I’ve gone through this process countless times. I can already read, write and synthesize class materials (or the top five citations on any given Wikipedia page) into a 3,000-word “research paper” overnight. Just kidding … but not really.

So whether I’m reading and writing about neoliberalism, radical feminism or sovereign states in Southeast Asia doesn’t really matter. None of us retain much course content past finals, leaving us with the diminishing marginal returns of exercises in literature digestion.

As far as I can tell, this is the eternal plague of the arts and soft sciences, like political science, history, English and communications. Students with these majors, at the end of the day, develop few quantifiable skills. Almost all these skills fit under the umbrella of “basic literacy” and few appear on the list of qualifications for jobs that pay more than $20,000.

For a lot of us, that’s terrifying.

But you might say, “Lauren, you’re missing the point, it’s not about getting a job. It’s about learning for the sake of learning and situating yourself in the broader experience of humanity.”

Okay. Call your parents tonight and ask them if they dropped $200,000 so you can situate yourself in the broader experience of humanity. If you’re feeling especially bold, do this and then go bursar some PennCash. Let me know how that goes.

After arriving at the realization that senior year really is about obtaining gainful employment, many of my classmates have fallen victim to the job craze.

The interview-prepping, PennLink-stalking, suit-steaming, unbearably annoying new versions of my peers stormed back to campus and hit the ground running.

Fall on-campus recruiting anxiety has escaped the confines of Huntsman Hall, infecting even those who used to be too busy with their stacks of classics in Fisher Fine Arts to care.

My career-related crises are occurring on a different scale since I’m trying to go to law school. Still, watching my College friends suit up beside finance majors and listening to them worry about the value of a liberal arts education in a competitive job market makes me uneasy.

Should I have pursued a more skills-oriented or pre-professional degree as an undergraduate? Would taking a few more Wharton classes have given me a better shot at a wider variety of internships? I wish I knew the answer.

What I can tell you is that several of my College friends have offers from top investment and consulting firms. They taught themselves to do case interviews and picked up other business skills through internships and leadership positions. Now, they’ve earned jobs offering “Wharton” pay and prestige and have escaped the classically “Wharton” inability to experience empathy or use multisyllabic words in a sentence.

(Sorry. I just had to.)

Opportunities to expand our horizons in ways that matter to our long-term goals are all around.

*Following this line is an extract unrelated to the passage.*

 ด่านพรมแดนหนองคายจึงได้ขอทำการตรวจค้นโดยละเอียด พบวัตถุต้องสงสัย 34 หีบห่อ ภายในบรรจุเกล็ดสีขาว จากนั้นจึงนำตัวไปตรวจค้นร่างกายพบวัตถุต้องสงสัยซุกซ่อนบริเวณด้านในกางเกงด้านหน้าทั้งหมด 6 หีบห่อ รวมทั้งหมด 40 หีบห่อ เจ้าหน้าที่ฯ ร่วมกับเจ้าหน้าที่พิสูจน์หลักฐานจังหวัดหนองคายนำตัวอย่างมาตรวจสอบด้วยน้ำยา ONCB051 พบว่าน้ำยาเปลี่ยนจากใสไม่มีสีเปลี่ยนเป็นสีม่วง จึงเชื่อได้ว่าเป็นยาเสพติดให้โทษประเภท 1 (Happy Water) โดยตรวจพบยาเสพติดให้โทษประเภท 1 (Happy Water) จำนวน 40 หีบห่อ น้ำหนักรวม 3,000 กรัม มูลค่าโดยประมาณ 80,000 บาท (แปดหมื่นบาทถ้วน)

The most important learning we’ll do won’t be part of our formal education — I became more conversant in French listening to my Belgian housemate on the phone with his family than I did fulfilling my language requirement.

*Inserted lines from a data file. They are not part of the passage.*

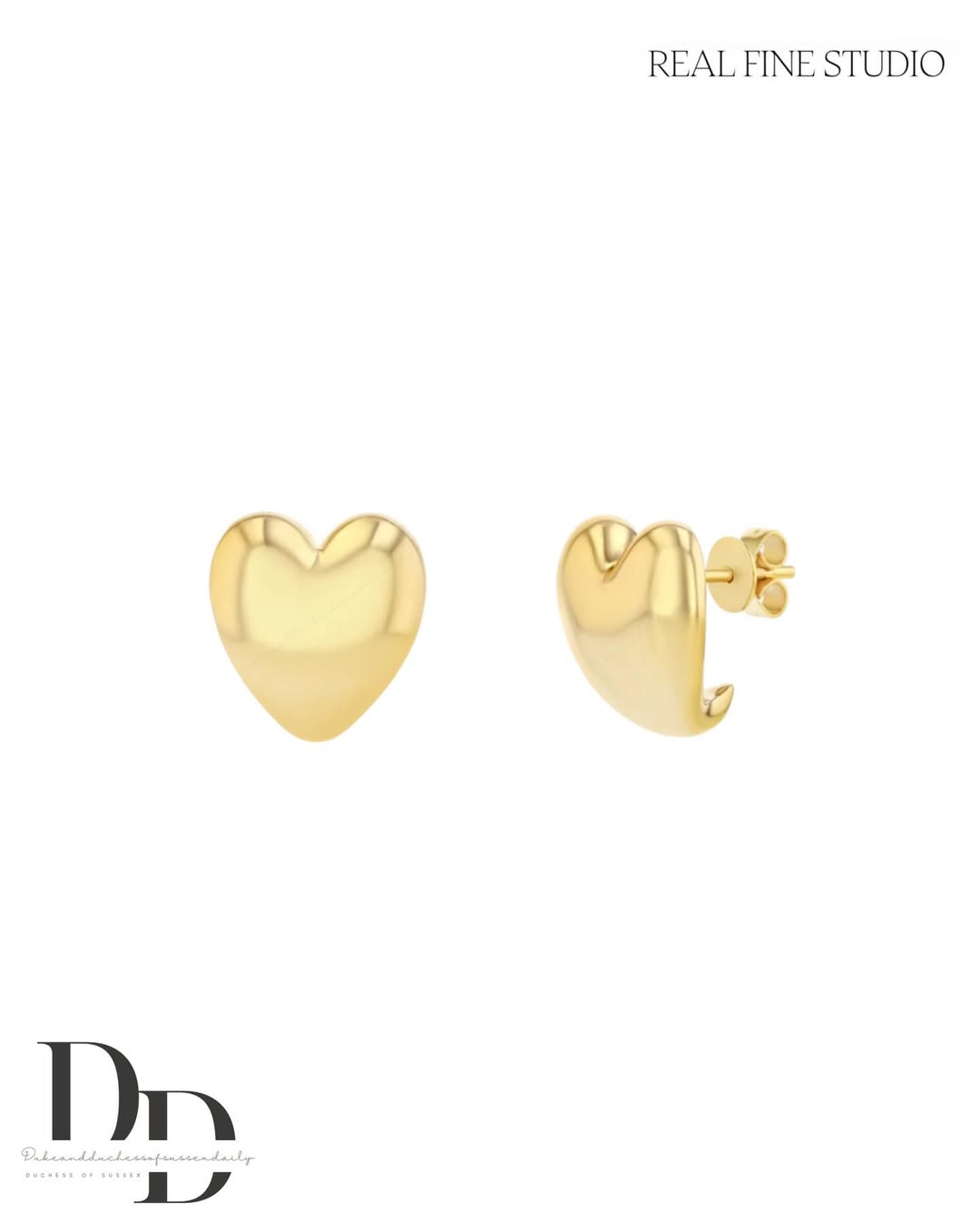 ولم تكتفِ بذلك، بل أضافت أقراطاً ذهبية على شكل قلوب من علامة Real Fine Studio، في لمسة ناعمة كسرت صرامة الإطلالة الرسمية، ومنحتها دفئاً أنثوياً يعكس جانبها الشخصي.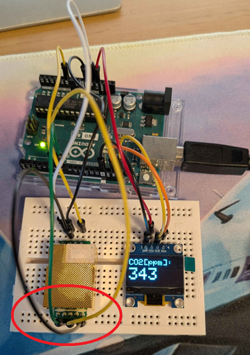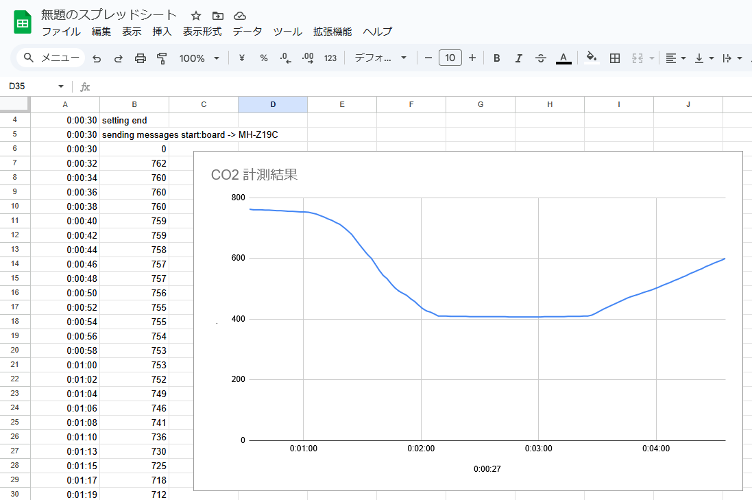 - 詳細:計測を開始し、屋内 → 屋外 → 屋内へ移動させた結果、屋外では 400ppm となっており、意図通りに数値が変動している(400ppm → 外気環境は一般的に400ppmとされている)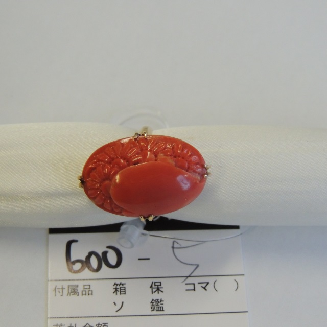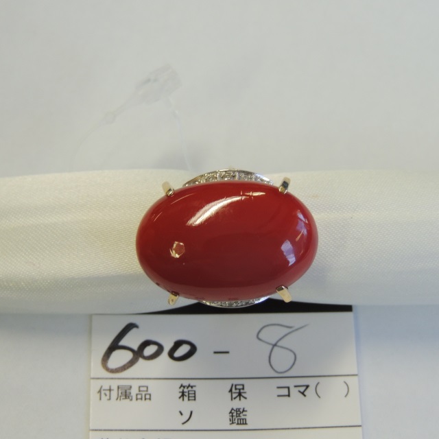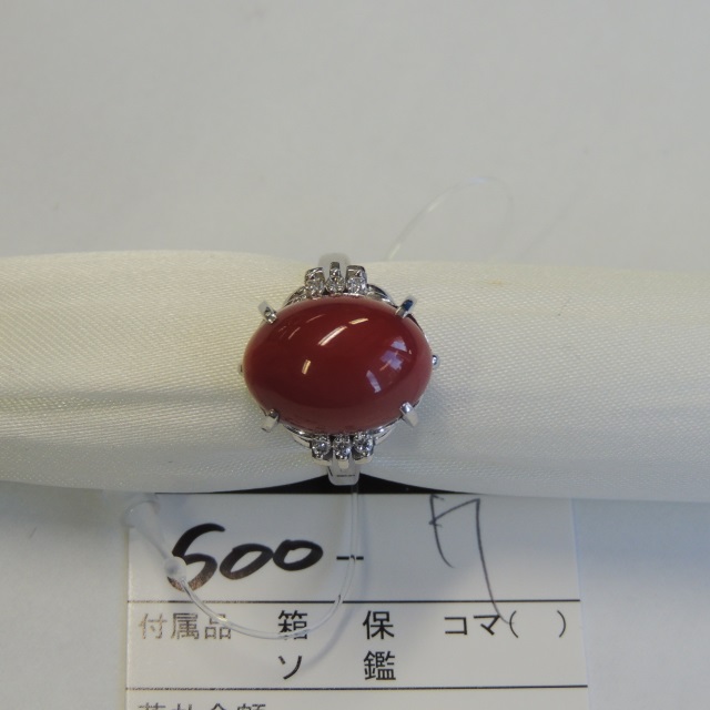 リング サンゴ 14.6mm ダイヤ k18/Pt900 12.20g 石目:0.30

I finally figured out how to use Google spreadsheets and forms — not through a class, but as president of an a cappella group.

And I’m sure I’ll make more of an impact on food issues in America by continuing to volunteer in Philadelphia’s public schools than I will by writing my honors thesis on the topic.

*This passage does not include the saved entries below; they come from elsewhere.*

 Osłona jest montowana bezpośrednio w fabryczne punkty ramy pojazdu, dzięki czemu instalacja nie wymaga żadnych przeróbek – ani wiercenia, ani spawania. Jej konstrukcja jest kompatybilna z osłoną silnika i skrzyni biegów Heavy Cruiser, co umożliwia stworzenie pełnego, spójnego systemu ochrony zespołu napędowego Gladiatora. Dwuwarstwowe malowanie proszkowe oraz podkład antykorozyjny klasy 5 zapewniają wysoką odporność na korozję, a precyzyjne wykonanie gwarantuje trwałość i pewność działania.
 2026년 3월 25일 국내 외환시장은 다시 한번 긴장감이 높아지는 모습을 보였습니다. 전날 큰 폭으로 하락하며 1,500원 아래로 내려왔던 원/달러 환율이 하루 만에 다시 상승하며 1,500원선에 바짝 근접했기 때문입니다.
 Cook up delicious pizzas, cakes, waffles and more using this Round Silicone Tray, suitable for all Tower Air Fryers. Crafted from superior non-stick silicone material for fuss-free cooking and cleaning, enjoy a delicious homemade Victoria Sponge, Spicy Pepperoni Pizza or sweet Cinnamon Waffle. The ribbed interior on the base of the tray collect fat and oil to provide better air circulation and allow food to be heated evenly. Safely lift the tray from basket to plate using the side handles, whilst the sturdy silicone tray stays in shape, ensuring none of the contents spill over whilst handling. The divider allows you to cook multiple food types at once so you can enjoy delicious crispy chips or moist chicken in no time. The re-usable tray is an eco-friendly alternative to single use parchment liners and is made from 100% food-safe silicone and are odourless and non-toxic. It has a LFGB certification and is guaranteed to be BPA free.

We are all products of our experiences and the time we spend in classrooms represents only a small part of that experience.

Our undergraduate degrees constitute one expensive but necessary line on our resumes that supports, but does not singlehandedly define, the parameters of our knowledge and skills.

All we can do is treat that line for what it’s worth and hope the people who make decisions about our futures do the same.